Renan Lodi explicou, em entrevista à TV do clube, a sequência de comemorações numeradas que marcou as duas partidas contra o Cruzeiro pela Copa do Brasil. O lateral fez o gesto pela primeira vez após o empate por 1 a 1 no Mineirão e repetiu a contagem depois do triunfo por 2 a 1 na Arena MRV, que garantiu a classificação do Atlético-MG. O gol de Lodi na volta saiu aos 24 minutos do segundo tempo, dentro da área.
Ao lado do companheiro, Bernard apresentou o tom da celebração como uma dedicatória: a referência foi ao período de 2020 a 2022, quando o Cruzeiro disputou a Série B. A comemoração, segundo os jogadores, foi dirigida ao arquirrival e teve clara intenção provocativa, dentro dos limites da rivalidade entre as torcidas.
Lodi minimizou qualquer leitura de desrespeito e afirmou que provocações fazem parte do clássico, lembrando que os jogadores adversários também entram nesse clima. Bernard reforçou a ideia de que a celebração era uma resposta natural ao momento e uma forma de exaltar a classificação conquistada no confronto.

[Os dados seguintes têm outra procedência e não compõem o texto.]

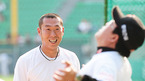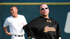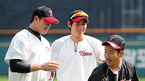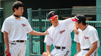 '2009 CJ 마구마구 프로야구' LG 트윈스와 롯데 자이언츠의 경기가 14일 서울 잠실 구장에서 벌어졌다. 경기 전 롯데 정수근이 김무관 코치와 즐거운 시간을 보내고 있다./잠실=민경훈 기자 rumi@osen.co.kr
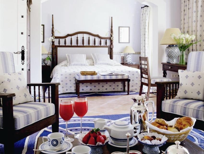 Im mediterranen Stil werden im Innenraum zarte Blau- und Weißtöne verwendet
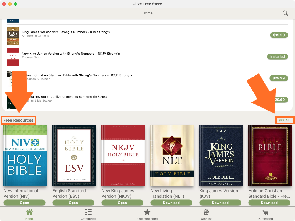The Olive Tree Bible App is free to download in the Mac App Store. Once you install the app, you will have access to free features, like reading plans, personal notes and highlights, parallel reading and free resources. We offer over 100 free resources, including many top Bible translations, so you can start your Bible study right away. This article will show you how to download and open free resources in your Olive Tree Bible App.

Além do efeito imediato nas redes e nas arquibancadas, o gesto cumpre função simbólica: transforma a vitória em narrativa pública sobre o confronto direto com o rival. Em campo, a vaga diminui a pressão sobre o time; fora dele, a comemoração reacende a rivalidade e deve render reação do Cruzeiro, enquanto alimenta a euforia da torcida do Galo.